Tłumaczeniem zajmuję się od bardzo wielu lat, ale początki tej działalności to kombinacja znalezienia się w dobrym miejscu we właściwym czasie i znajomości odpowiednich osób. Z wykształcenia jestem inżynierem informatykiem i to właśnie robiłem na pełny etat. Pewnego dnia, zupełnie znienacka, zapytano mnie, czy nie znam przypadkiem kogoś, kto mógłby podjąć się tłumaczenia poważnego oprogramowania. Nie znałem nikogo, ale na szczęście przyszło mi do głowy, że właściwie mógłbym spróbować sam. Z pomocą kilku osób zorganizowałem zespół i tak się zaczęło.
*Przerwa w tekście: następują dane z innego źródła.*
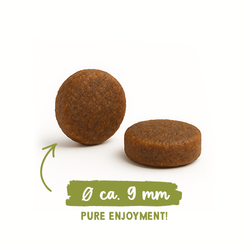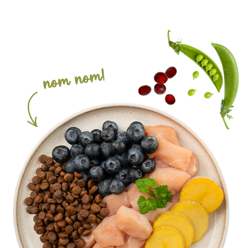 Состав: свежее мясо курицы (25 %), картофельная мука (17,5 %), картофельный крахмал, белок из птицы (сушеный), шкварки (сушеные), картофельный белок, животный жир, семена льна, белковый гидролизат, сушеный свекольный жом (обессахаренный), мука, гороховые волокна, горох (сушеный, 0,5 %), масло лосося (0,5 %), карбонат кальция, ягоды брусники (сушеные, 0,1 %), ягоды голубики (сушеные, 0,1 %), петрушка (сушеная, 0,1 %), дрожжи (сушеные, 0,1 %), цветы календулы (сушеные, 0,05 %).

Początkowo była to działalność uboczna, ale wraz ze zdobywaniem kolejnych doświadczeń tłumaczenie powoli zajmowało coraz więcej miejsca w mojej pracy i teraz nie robię już nic innego.

Z racji specjalizacji zawodowej tłumaczę teksty wyłącznie z dziedziny IT. Dzięki znajomości technologii informatycznych i umiejętności programowania jestem przy okazji w stanie tworzyć i rozwijać narzędzia, które bardzo ułatwiają mi pracę. Nie są to narzędzia komercyjne — daleko im do tego. Są jednak wystarczająco skuteczne, by w zauważalny sposób skrócić czas lub poprawić jakość tłumaczenia, a to przekłada się bezpośrednio na wyższy dochód albo, jeśli ktoś woli, na dodatkowy czas wolny.

Miewam pomysły, które wydają mi się genialne. Czasem dzielę się nimi ze znajomymi z branży, ale zwykle nie znajduję u nich zrozumienia. Mam nadzieję, że przez ten blog dotrę do kogoś, kto podzieli mój entuzjazm.